When we first met, Pep was still a shy young man whose beauty seemed about to wilt away under a veil of sadness. Then, after years of hormone therapy and surgery, she had finally come into her own. Battle-scarred, she was still delicate, like a patchouli-scented leaf trembling in the tropical breeze.

Pep’s massages were worth every baht I had saved. Lying on my back, I would feel a pair of soft hands and sometimes a firm leg pressing on my hamstrings, and then my foot would be resting on her shoulder or lap. As I submitted to her will, my mind would descend into a well of swirling thoughts. I desired many things, above all to free myself of the shackles which made me feel alone and helpless. Meanwhile, Pep would work her miracles, kneading my limbs, absolving my body of all responsibilities.

Afterwards I would stagger out, my limbs limp, as if I had been battered. I would hear the chirping of crickets, the sounds of distant traffic, and the sunlight would bathe my skin in a radiant glow. The street dogs were unusually calm, and I felt momentarily blessed, as if the air itself was charmed.

The death of Pep cast a pall on the rest of our Pattaya vacation, which was not that much of a break anyway since it involved entertaining Mr. Gomez’s friends. But as soon as we got back, I visited Pep’s place.

When I had left Chiang Mai, the red flame trees were still in bloom. Now, in the dry season, the yellow flowers of the shower tree had formed a carpet on the street. The front door of the shack had a notice in Thai with the sword-and-shield crest of the Royal Thai Police. Fresh flowers had been placed at the foot of the spirit house near the entrance, along with the customary glass of whisky and a slice of chocolate cake, Pep’s favorite dessert. A black rhinoceros beetle, the kind children play with, was inspecting the cake, its horns lowered.

I felt uneasy standing there in front of that spirit house – it seemed more appropriate to lower myself on the pollen-strewn pavement beside the beetle.

Pep was not just my masseuse.

On the night of the lantern festival, the lights and fireworks were reflected in the river. Pep lit a candle and stuck it on our float, before gently sending it off on the water. Her face was aglow, the scarred skin carefully smoothed with powder, with a few beads of perspiration on her neck.

Did you make a wish? I whispered.

She touched my hand and then held it. We looked out over the water.

I’m tired of so much change, she said, her voice a little gravelly.

The float was bobbing against the bamboo bridge, and I leaned down to push it back into the current.

I made a wish, I said. For you to find peace. And all my other friends.

I made one for you, she said, with a sad smile. But I cannot say, for fear it may not come true.

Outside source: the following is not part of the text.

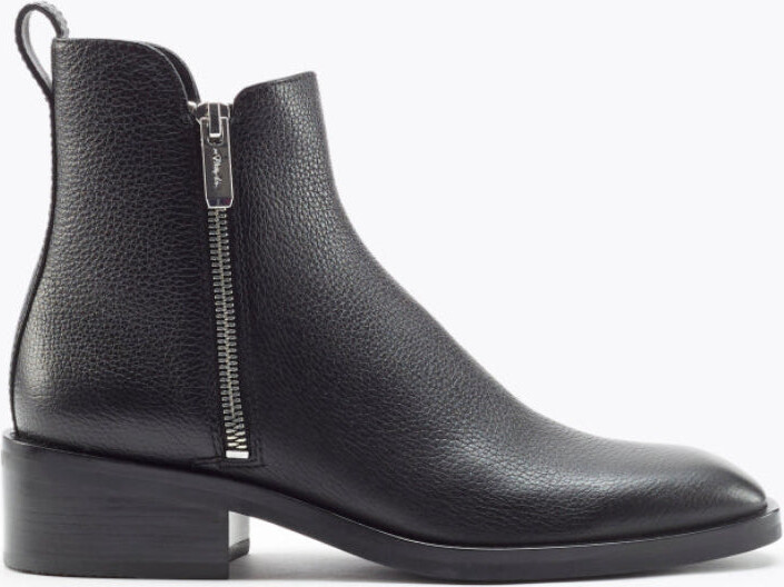 | Product Features | Details:The New Alexa. Durable. Pebbled leather with a water resistant coating, and a rubberized outsole that does not need to be replaced as often as leather. Functional. Refined zipper and puller tabs with engraved 3.1 Phillip Lim logo. Back pull tab slightly higher for ease. Comfortable. Lightweight and flexible rubber outsole with outstanding shock absorption. More fitted shaft and subtle square toe shape. | ||

I smiled back. Think of all the fish in the river, I said — how lucky they must feel, stuffing themselves with bread!

I am lucky too, Pep said. To have a friend like you, with a good heart. Her eyes were glistening as they followed the float which was now speeding away downstream.

They say the more you let go of the present, the more the future will bring better things.

We heard a bang, as a firecracker went off nearby. A Russian man came by and started talking to Mr. Gomez. The Russian stared at me, and then at Pep, who merely tossed her head. As he and Mr. Gomez continued their discussion, I remember noticing the Russian’s enormous pincer-like hands.

Mr. Gomez touched my shoulder. He pointed to his fat gold watch. Time to head home, he said. The Russian accompanied us back, his arms circling our waists. Pep walked stiffly at first, but soon her gait was more relaxed. I was nervous, as I still am despite all my training.

The beauty the Russian and his friends are after, Mr. Gomez said later, is only skin-deep. And it fades so quickly. His fingers brushed away a tear from my cheek. If there is a loveliness that lasts, my dear, it is beyond time.

I didn’t know what he meant then, but now, kneeling at the threshold of Pep’s place, I understood how loveliness can lurk like a jewel in the damp coils of memory — and how a green sliver of the self can glide away with our dreams.